## Given data
■ ■ ■
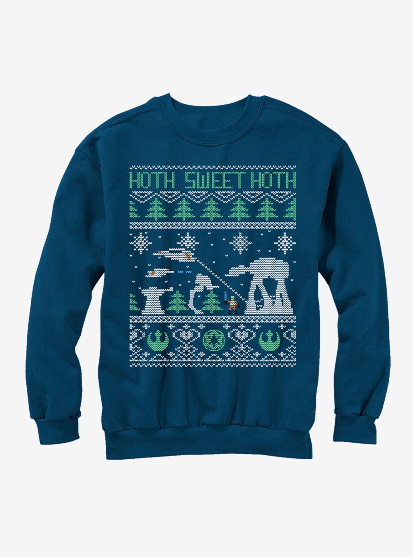 The weather on Hoth is frightful, but the fire and the Star Wars Hoth Sweet Hoth Ugly Christmas Sweater Oversized Red Sweatshirt are so delightful! An AT-AT, Luke Skywalker, an AT-ST, and more come together to create an ugly Christmas sweater style print below the words "Hoth Sweet Hoth" on this awesome red boyfriend cut Star Wars sweatshirt. 50% Cotton, 50% Polyester.
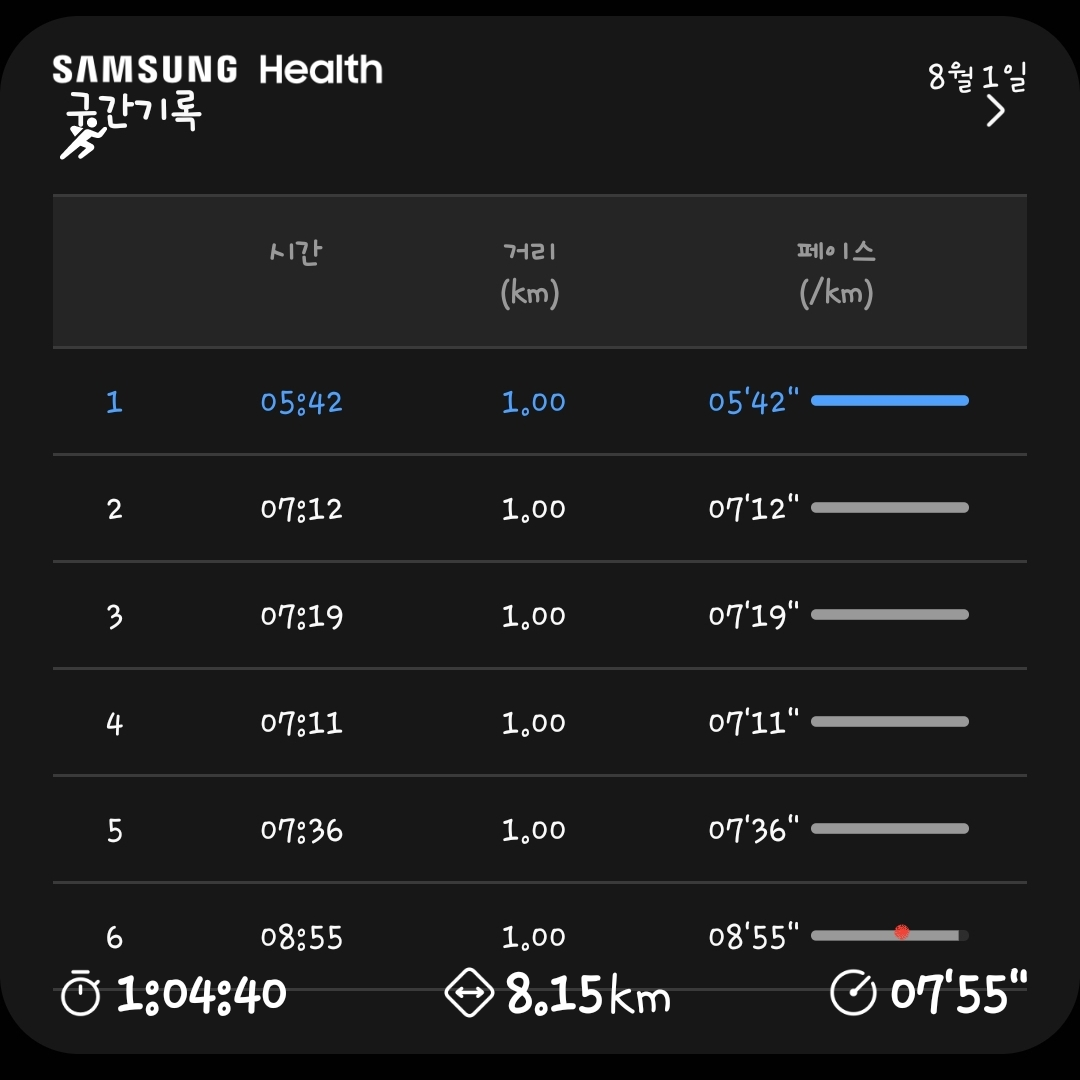 6km이후로는 거의 조금 빠른 걸음으로 걷다시피 했다. 너무 힘들더라.
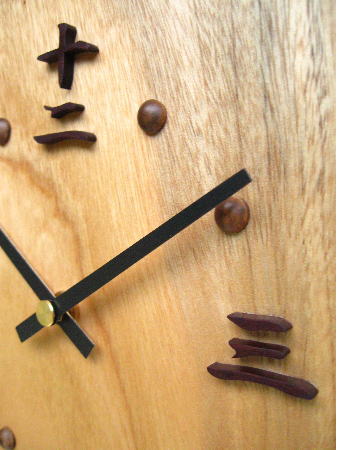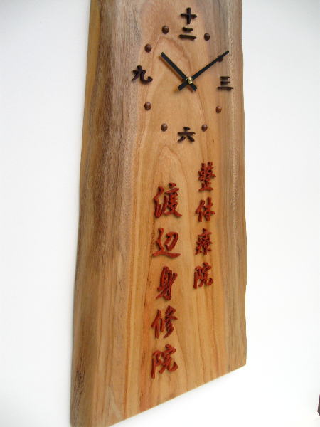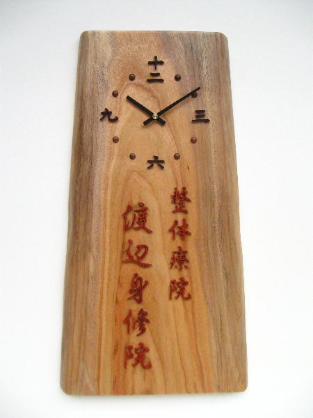 | 「整体療院 渡辺身修院」様への開院祝いの時計です。 「和」のイメージで「耳付き板」風のデザインでお作りしました。 本体に「クスノキ」を使いました。 「クスノキ」は天然の樟脳を採る木で、独特の香りがあります。 虫が寄ってこないとの理由で昔から大切なものを入れる箱物に使われていました。 樹齢が何百〜千年という木もあるもどの長寿で、信仰の対象として昔から神社仏閣に植えられています。 直径1メートルをこえる大木になります。 |
■ ■ ■
## What the task requires
Write out again, word for word, the lines from the one holding "6km이후로는 거의 조금 빠른 걸음으로 걷다시피 했다. 너무 힘들더라." through the final line of the listing, including both ends but no pictures.

## Written solution
 6km이후로는 거의 조금 빠른 걸음으로 걷다시피 했다. 너무 힘들더라.
 | 「整体療院 渡辺身修院」様への開院祝いの時計です。 「和」のイメージで「耳付き板」風のデザインでお作りしました。 本体に「クスノキ」を使いました。 「クスノキ」は天然の樟脳を採る木で、独特の香りがあります。 虫が寄ってこないとの理由で昔から大切なものを入れる箱物に使われていました。 樹齢が何百〜千年という木もあるもどの長寿で、信仰の対象として昔から神社仏閣に植えられています。 直径1メートルをこえる大木になります。 |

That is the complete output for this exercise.